--- SUPPLIED MATERIAL ---

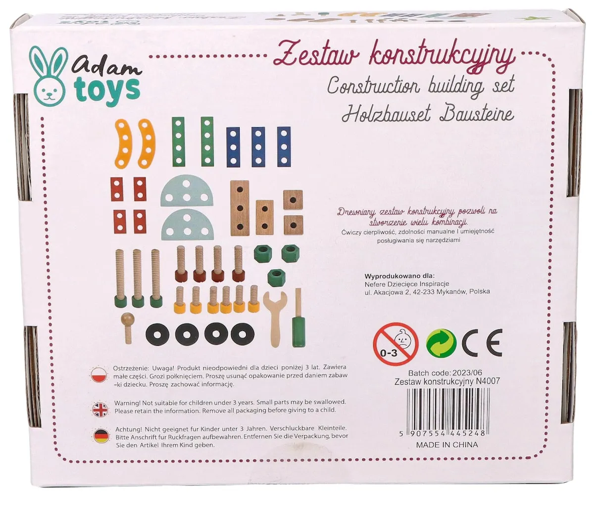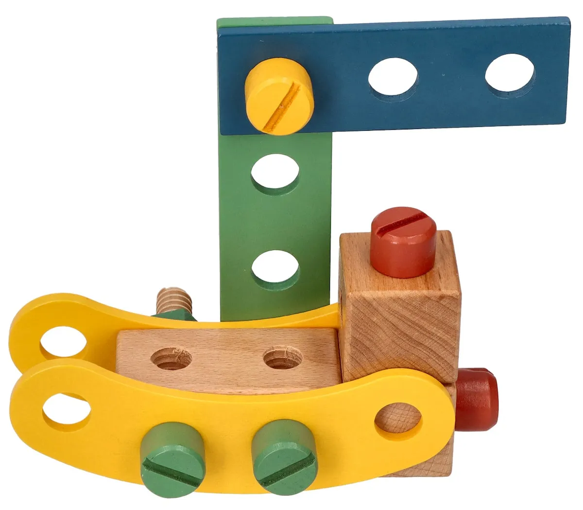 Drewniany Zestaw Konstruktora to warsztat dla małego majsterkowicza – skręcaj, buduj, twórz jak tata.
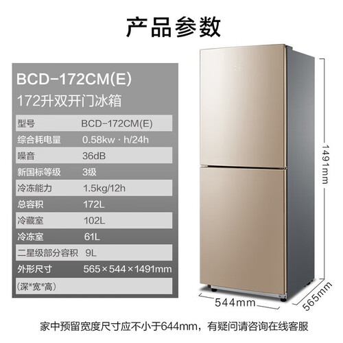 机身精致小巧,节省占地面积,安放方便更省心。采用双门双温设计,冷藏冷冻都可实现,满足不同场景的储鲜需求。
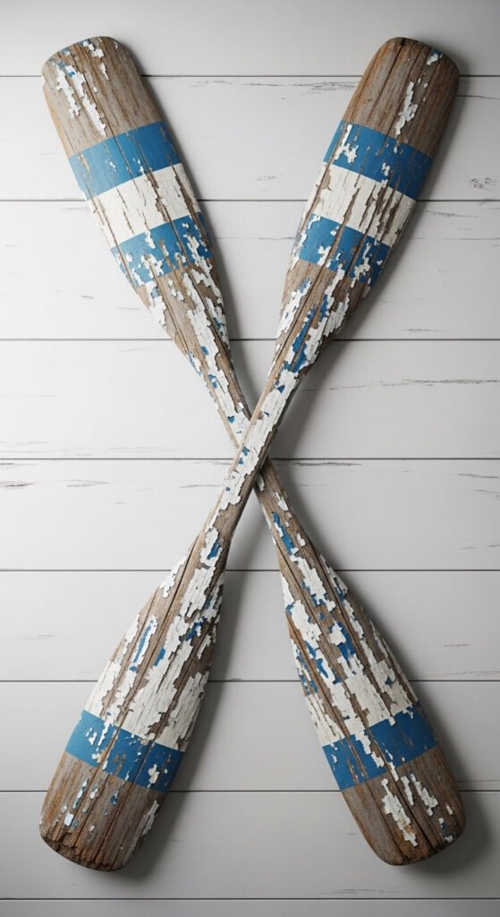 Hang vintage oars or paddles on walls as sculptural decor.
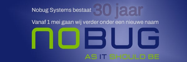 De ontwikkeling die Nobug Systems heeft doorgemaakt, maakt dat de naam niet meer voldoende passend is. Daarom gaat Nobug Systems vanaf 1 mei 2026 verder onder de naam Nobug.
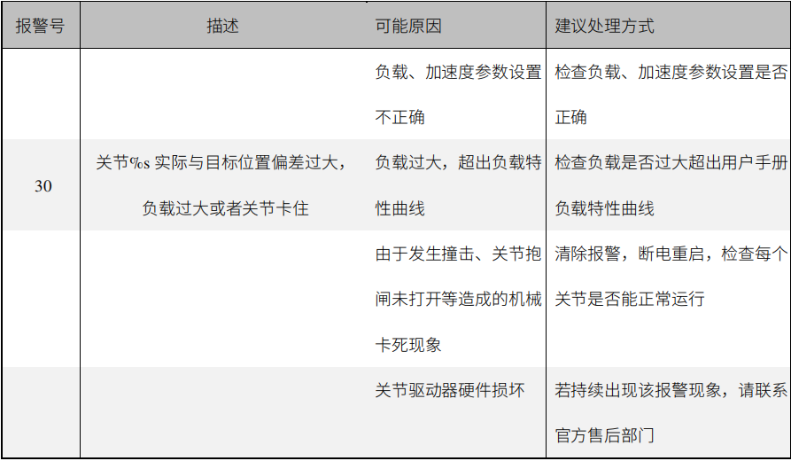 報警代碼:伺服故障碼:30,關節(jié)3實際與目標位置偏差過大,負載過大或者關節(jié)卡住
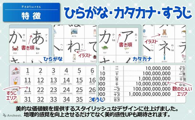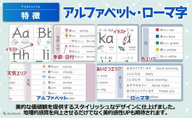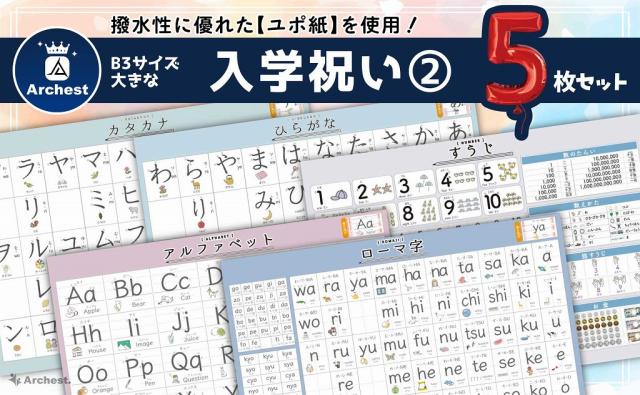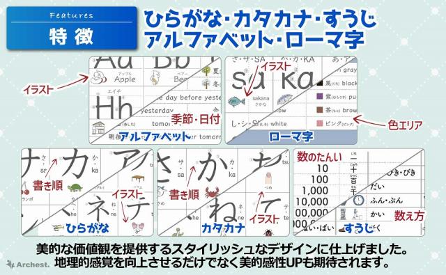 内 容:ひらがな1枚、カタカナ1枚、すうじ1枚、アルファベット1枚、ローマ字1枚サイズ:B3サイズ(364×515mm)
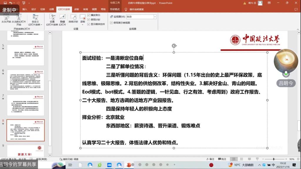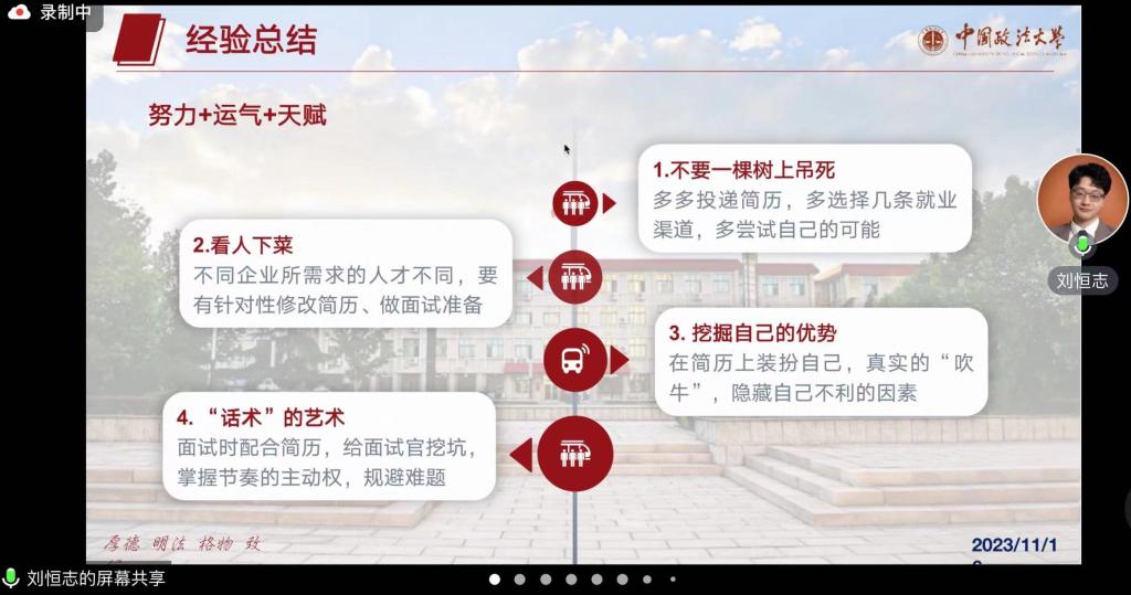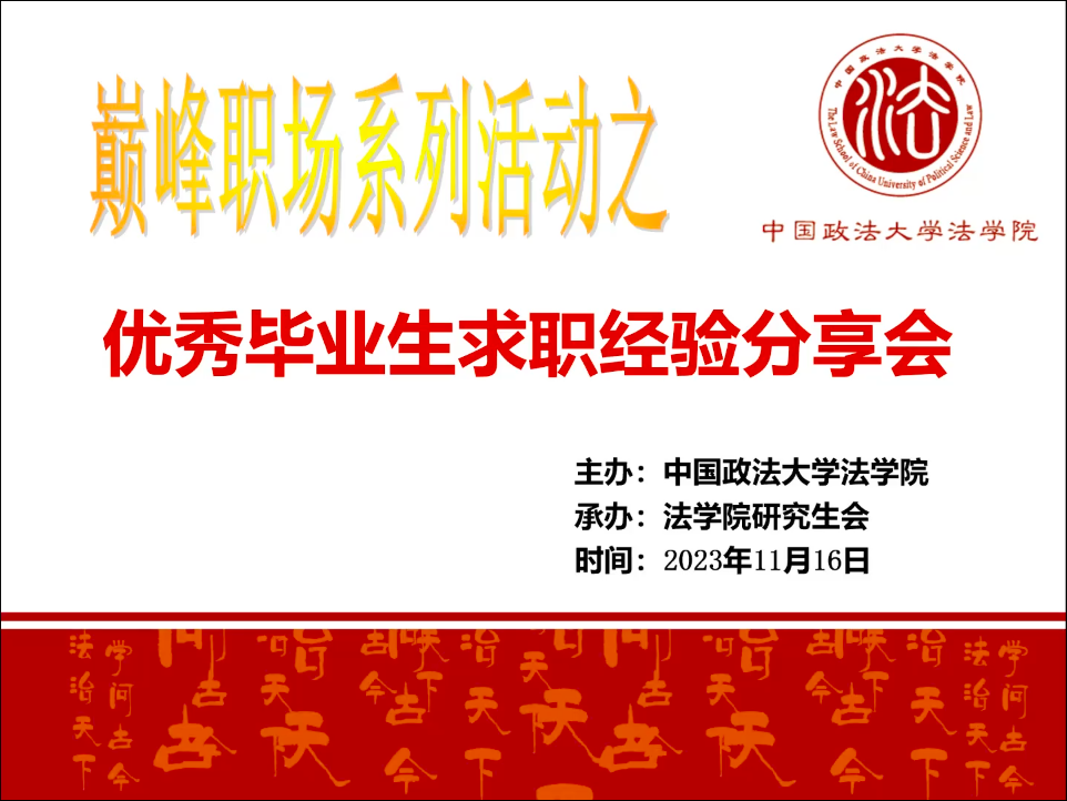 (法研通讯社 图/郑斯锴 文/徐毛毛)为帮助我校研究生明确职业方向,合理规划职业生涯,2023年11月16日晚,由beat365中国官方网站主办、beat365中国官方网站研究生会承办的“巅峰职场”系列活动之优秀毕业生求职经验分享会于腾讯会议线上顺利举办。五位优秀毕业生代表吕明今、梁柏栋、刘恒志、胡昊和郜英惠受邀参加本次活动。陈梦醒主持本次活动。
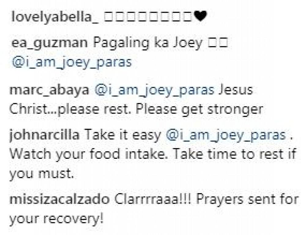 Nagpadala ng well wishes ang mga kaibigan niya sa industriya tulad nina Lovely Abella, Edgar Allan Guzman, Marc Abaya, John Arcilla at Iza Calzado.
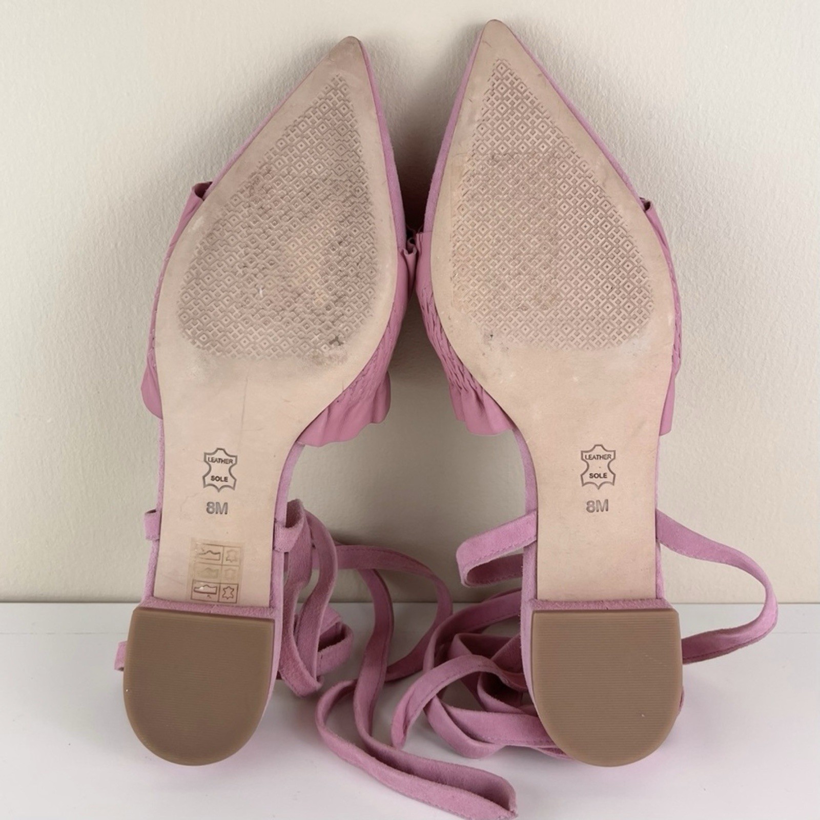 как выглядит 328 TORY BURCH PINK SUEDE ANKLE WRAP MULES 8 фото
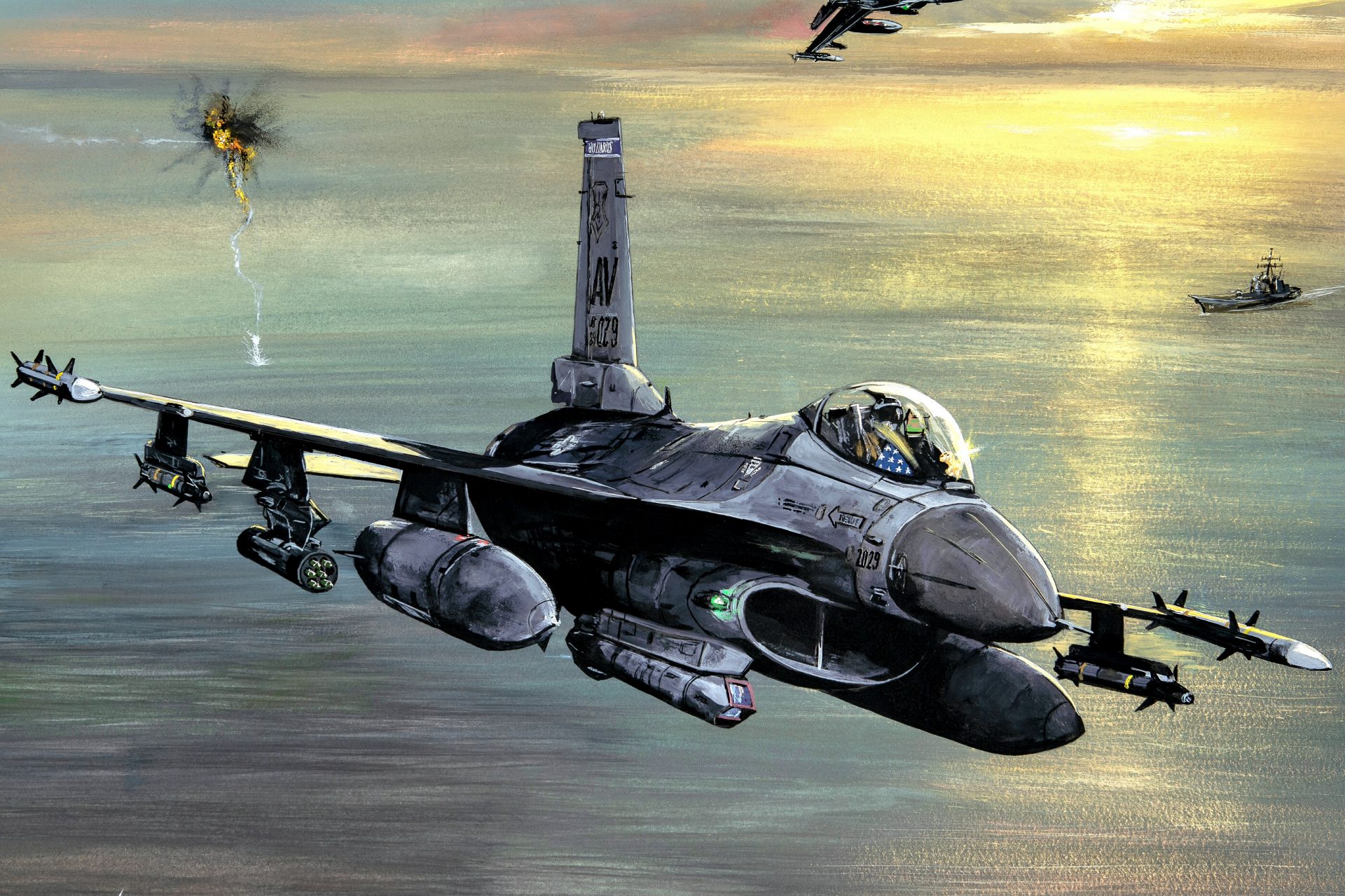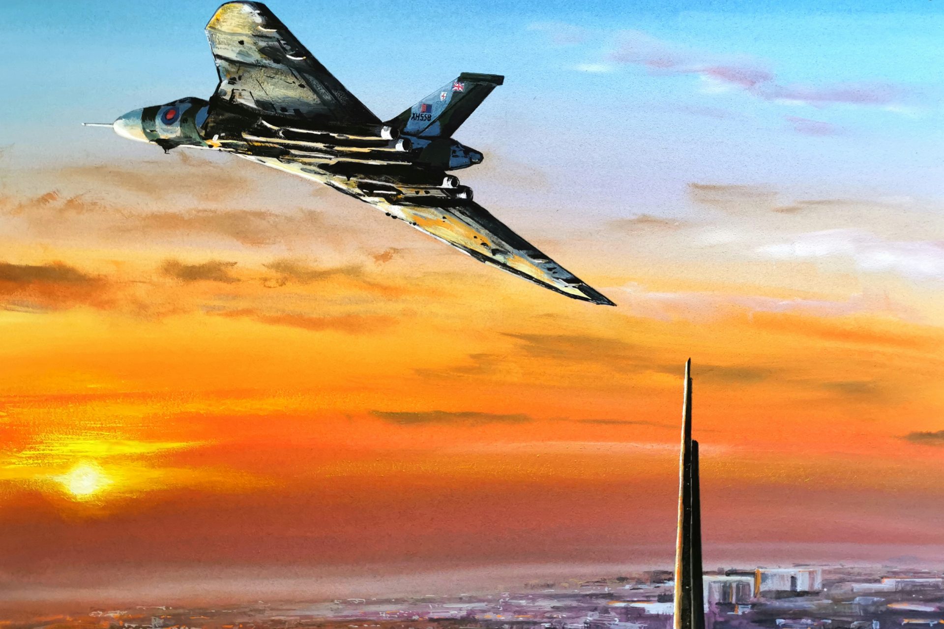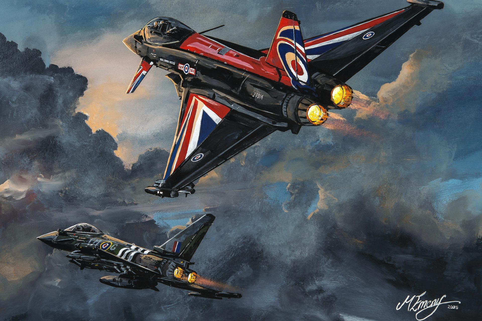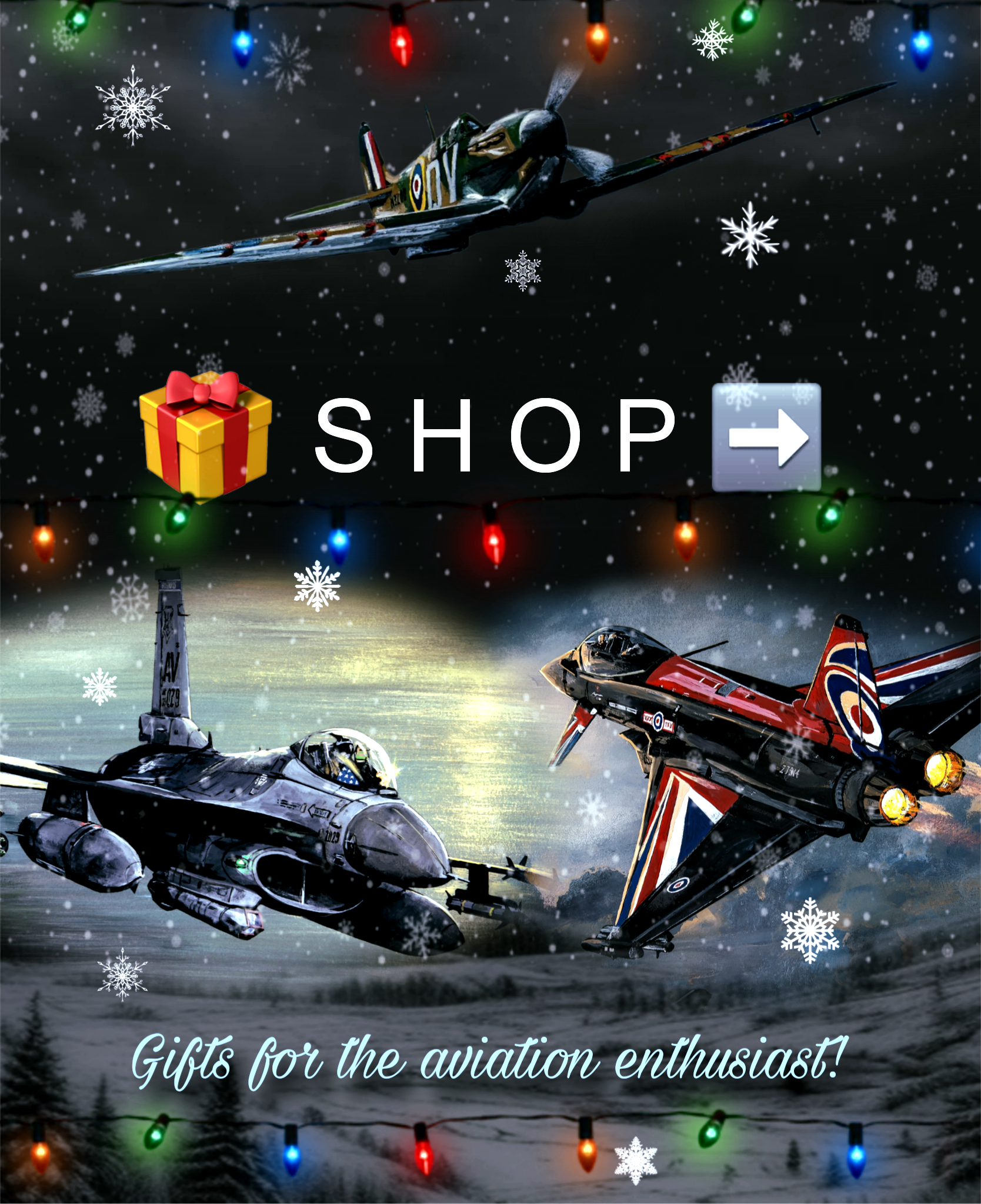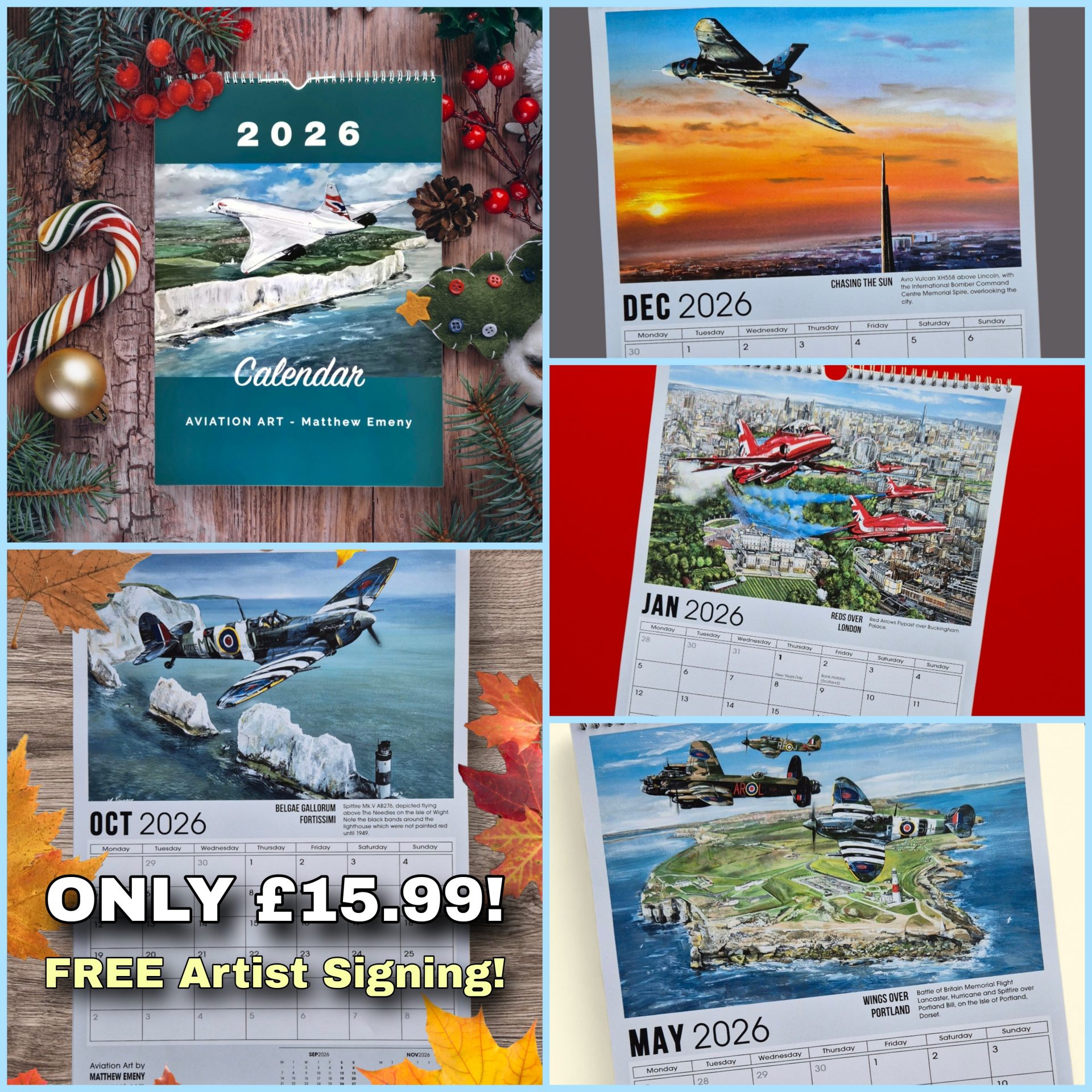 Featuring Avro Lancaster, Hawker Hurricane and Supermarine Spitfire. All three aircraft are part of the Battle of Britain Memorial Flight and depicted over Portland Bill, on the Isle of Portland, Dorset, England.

---

* **WHAT NEEDS TO BE DONE**: Please return the full listing exactly as given, with the images left out.

* **EXERCISE SOLUTION**:
 Drewniany Zestaw Konstruktora to warsztat dla małego majsterkowicza – skręcaj, buduj, twórz jak tata.
 机身精致小巧,节省占地面积,安放方便更省心。采用双门双温设计,冷藏冷冻都可实现,满足不同场景的储鲜需求。
 Hang vintage oars or paddles on walls as sculptural decor.
 De ontwikkeling die Nobug Systems heeft doorgemaakt, maakt dat de naam niet meer voldoende passend is. Daarom gaat Nobug Systems vanaf 1 mei 2026 verder onder de naam Nobug.
 報警代碼:伺服故障碼:30,關節(jié)3實際與目標位置偏差過大,負載過大或者關節(jié)卡住
 内 容:ひらがな1枚、カタカナ1枚、すうじ1枚、アルファベット1枚、ローマ字1枚サイズ:B3サイズ(364×515mm)
 (法研通讯社 图/郑斯锴 文/徐毛毛)为帮助我校研究生明确职业方向,合理规划职业生涯,2023年11月16日晚,由beat365中国官方网站主办、beat365中国官方网站研究生会承办的“巅峰职场”系列活动之优秀毕业生求职经验分享会于腾讯会议线上顺利举办。五位优秀毕业生代表吕明今、梁柏栋、刘恒志、胡昊和郜英惠受邀参加本次活动。陈梦醒主持本次活动。
 Nagpadala ng well wishes ang mga kaibigan niya sa industriya tulad nina Lovely Abella, Edgar Allan Guzman, Marc Abaya, John Arcilla at Iza Calzado.
 как выглядит 328 TORY BURCH PINK SUEDE ANKLE WRAP MULES 8 фото
 Featuring Avro Lancaster, Hawker Hurricane and Supermarine Spitfire. All three aircraft are part of the Battle of Britain Memorial Flight and depicted over Portland Bill, on the Isle of Portland, Dorset, England.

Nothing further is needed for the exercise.